Paul Whittaker CBE, Chief Crown Prosecutor of CPS Mersey-Cheshire, said: "A man contacted Merseyside Police on 28th December 2012 saying he had uploaded a video of himself on to Facebook in which he makes negative comments about the Hillsborough disaster and the Cumbria shootings. He was charged on the 29th December 2012 with an offence contrary to s127 of the Communication Act.

"As part of our duty to keep cases under constant review, I looked at the case in the light of the Director of Public Prosecutions' Interim guidelines on prosecuting cases involving communications sent via social media.
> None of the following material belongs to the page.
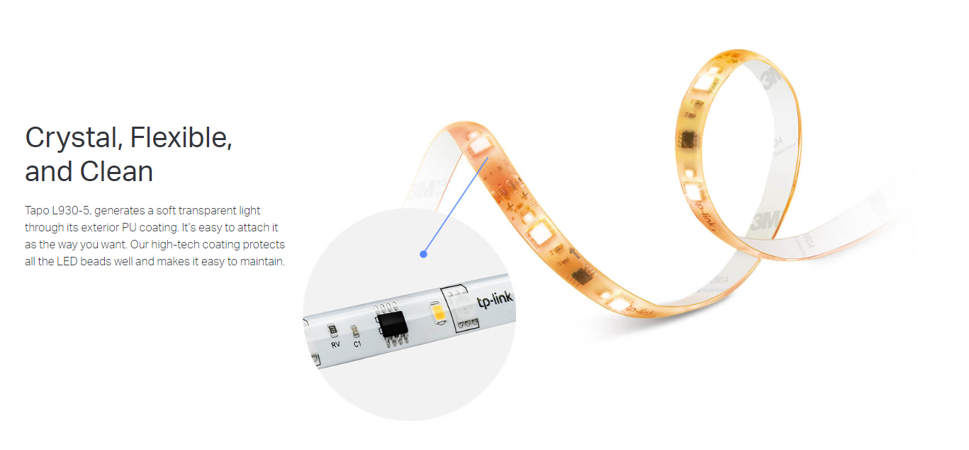 TP-link Tapo L930-5 advanced light strip features 50 addressable color zones for precise zonal color control, complemented by extra white LEDs for practical everyday lighting. Enjoy animated lighting effects through the Tapo App and dynamic Music Sync that matches the beat of your surroundings. Compatible with Apple HomeKit, Alexa, and Google Assistant, it offers seamless voice control. The durable PU coating ensures a tidy, long-lasting design, while the 3M adhesive allows for easy installation on any surface. With a stable Wi-Fi connection, no hub is required, making setup simple through the Tapo App.

"Communications sent via social media are capable of amounting to a criminal offence in any one, or a number of following ways:-

  •  Communications which may constitute credible threats of violence to the person or damage to property.
  •  Communications which specifically target an individual or individuals and which may constitute harassment or stalking.
  •  Communications which may amount to a breach of a court order
  •  Communications which may be considered grossly offensive, indecent, obscene or false.

"The footage makes no threat to any individual and does not break any court order. It does not make a credible threat of violence when referring the Cumbria shootings; rather the defendant indicates that he is not going to respond in that way.

"In considering whether the footage may be considered grossly offensive, I have noted that the reference to Hillsborough amounts to a one line comment in a film of almost four minutes.

"While we can never forget the effect of the Hillsborough disaster on the people affected, the content of the whole message presents as an irrational and sweeping statement in which the defendant is protesting against perceived mistreatment he's suffered whilst living in Liverpool, which few would seem likely to place much credit in. This is exacerbated by the irrational manner of his delivery.

"The context of any communication is very important.  The defendant admits posting the video to Facebook, but it is important to remember that the video was then taken by others unknown and posted onto You Tube.

"It was the defendant who then informed the police having realised that matters were getting out of hand.  It is clear that the video was given to a wider audience than was ever intended.  The suspect took action to remove the content and it was he who informed the police at an early stage.

"Applying the interim guidance I have concluded that the comments do not reach the high threshold required to be grossly offensive and there is therefore insufficient evidence for a realistic prospect of conviction. I have decided that the case should be stopped.

"What this case does show is the potential pitfalls of using social media sites. I would urge people to use caution as unlawful posting can lead to prosecution."